After getting initial approval in 2012 for a hip hop festival to be held in summer of 2013 at the Luynes Prison, with expected acts such as Cut Killer, Némir, Médine, Psy 4 de la Rime and Kery James amongst others, Mansouri proposed that the opening act be performed by a select number of prisoners presenting their compositions. The Shtar Academy project was formed as a result of this proposition. The prison administration agreed to the construction of a recording studio within the prison compounds, but reserved the right to censor any proposed texts by the prisoners that were deemed excessively violent or aggressive towards prison wardens, or presenting menacing lyrics addressed to judges, the police or to victims of crimes.

===Selection and early work (2012–2013)===
Prisoners detained for a year or more in Luynes were eligible to showcase their potential talent.

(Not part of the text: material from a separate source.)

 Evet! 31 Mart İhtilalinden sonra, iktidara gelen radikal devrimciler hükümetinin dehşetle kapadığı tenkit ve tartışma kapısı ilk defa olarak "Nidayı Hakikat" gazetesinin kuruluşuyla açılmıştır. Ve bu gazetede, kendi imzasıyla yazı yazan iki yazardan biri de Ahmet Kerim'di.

More than 200 prisoners, almost the entire population of the prison, were briefed on the project, and initially around 30 of them expressed an interest and signed up for the project. Through interviews, assessments and test performances conducted by Mansouri and co-producer Tony Danza, the number of eligible applicants was reduced to a dozen and eventually three of the most talented were chosen through a competitive elimination process to spearhead the musical project. Badri received a sentence of seven years, while Malik and Mirak were sentenced to three and four years imprisonment respectively.

For an entire year, the three worked regularly on various workshops for songwriting, composition, and training for recordings and computer-assisted production. More than 30 well-known French rappers and producers volunteered their time supporting the project through mentoring and coaching. They also provided studio time and agreed to be featured in compositions by the prisoners, which were presented during a three-hour live show on 3 June 2013.

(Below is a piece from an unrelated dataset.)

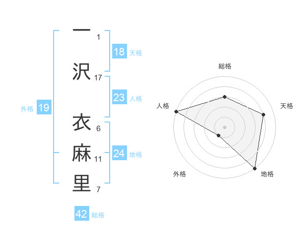 一沢 衣麻里さんを姓名の画数から五運を鑑定

===Shtar Academy (2013–present)===
Their first official music video, for the song "Wesh les taulards", was released on 21 November 2013. However, it did not feature the three rappers, who were still incarcerated at the time, as it was felt their appearance in person would jeopardise their security, and as such several actors took their place in the video. Anticipation for the release of their debut studio album Shtar Academy was greatly heightened with the release of their debut single "Les portes du pénitencier" (the gates of the penitentiary) on 11 December 2013, featuring Nekfeu and Némir, as well as Alonzo and Soprano of Psy 4 de la Rime. A music video for the song was released as part of the single's release, and features appearances from Mirak as well as the four aforementioned artists as they perform their verses of the song. The music video for the long version of the song was released on 3 January 2014. Including the artists present in the short version, the song features Lino, Keny Arkana, Médine and the Casseurs Flowters (Orelsan and Gringe) among others.

==Members==
The collective is made up of three (current and former) prison inmates.
- Badri was sentenced to 7 years and 6 months in prison on charges of burglary and theft. He is serving his sentence at the Aix-en-Provence Prison, and was still incarcerated at the time of the release of the group's debut studio album. Frequently mentioned as being the most talented of the three, legal proceedings are underway to secure a possible early release based on his contributions to the project. Although there have been many offers for Malik and Mirak to perform in a number of shows, they have declined, stating that they preferred to wait for Badri's release before performing in concerts.
- Malik (also known as Likma) was sentenced to 3 years and 2 months in prison for burglary and extortion. Having served most of his sentence at the Baumettes Prison, he was released early shortly before the release of the album for good conduct and as a sign of goodwill for his contribution to the project.
- Mirak was sentenced to 4 years in prison for drug trafficking. He was released early a month prior to release of album, serving most of his sentenced at the Toulon Prison, also due to good conduct and for his input in the project.